Task directions: In your copy, each line below is repeated exactly and no image appears.

Data:

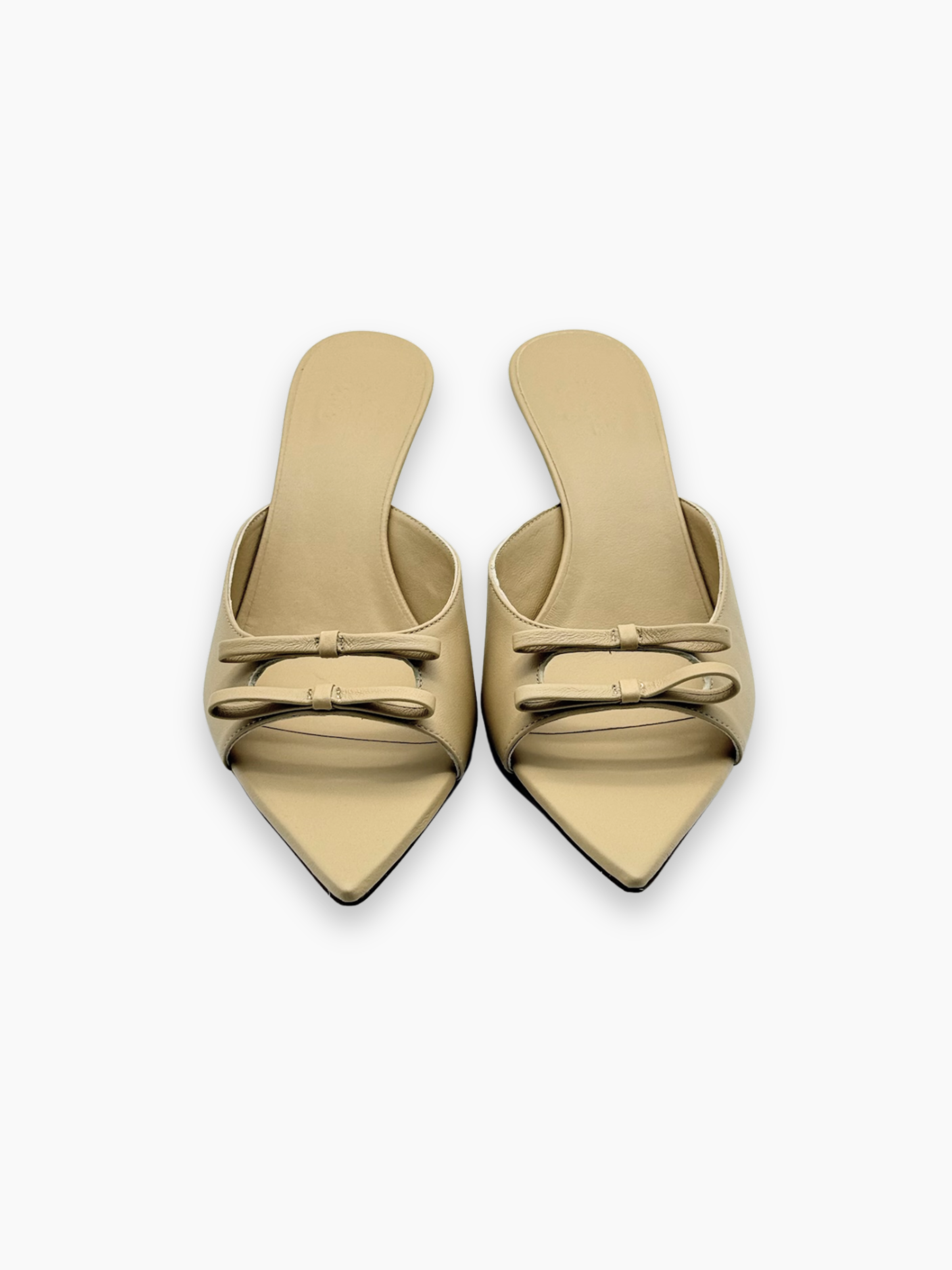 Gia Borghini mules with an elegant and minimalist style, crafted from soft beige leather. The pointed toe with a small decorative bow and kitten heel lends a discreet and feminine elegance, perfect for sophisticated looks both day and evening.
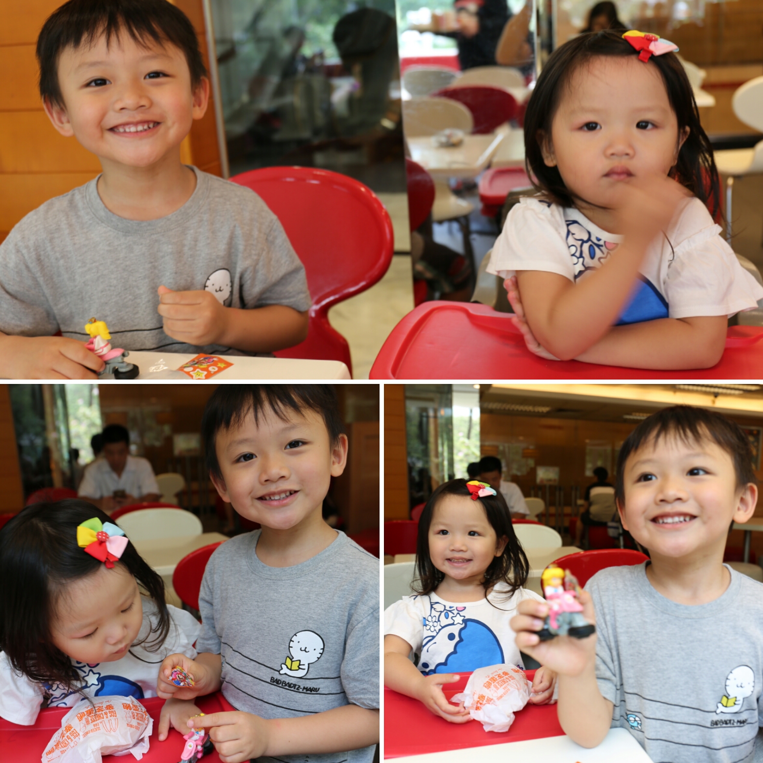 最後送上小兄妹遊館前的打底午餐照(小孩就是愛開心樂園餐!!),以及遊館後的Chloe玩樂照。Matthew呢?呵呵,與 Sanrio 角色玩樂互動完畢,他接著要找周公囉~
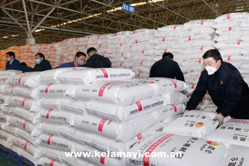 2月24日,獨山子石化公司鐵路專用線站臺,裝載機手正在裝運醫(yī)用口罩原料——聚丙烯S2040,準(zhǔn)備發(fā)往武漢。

Expected output:
 Gia Borghini mules with an elegant and minimalist style, crafted from soft beige leather. The pointed toe with a small decorative bow and kitten heel lends a discreet and feminine elegance, perfect for sophisticated looks both day and evening.
 最後送上小兄妹遊館前的打底午餐照(小孩就是愛開心樂園餐!!),以及遊館後的Chloe玩樂照。Matthew呢?呵呵,與 Sanrio 角色玩樂互動完畢,他接著要找周公囉~
 2月24日,獨山子石化公司鐵路專用線站臺,裝載機手正在裝運醫(yī)用口罩原料——聚丙烯S2040,準(zhǔn)備發(fā)往武漢。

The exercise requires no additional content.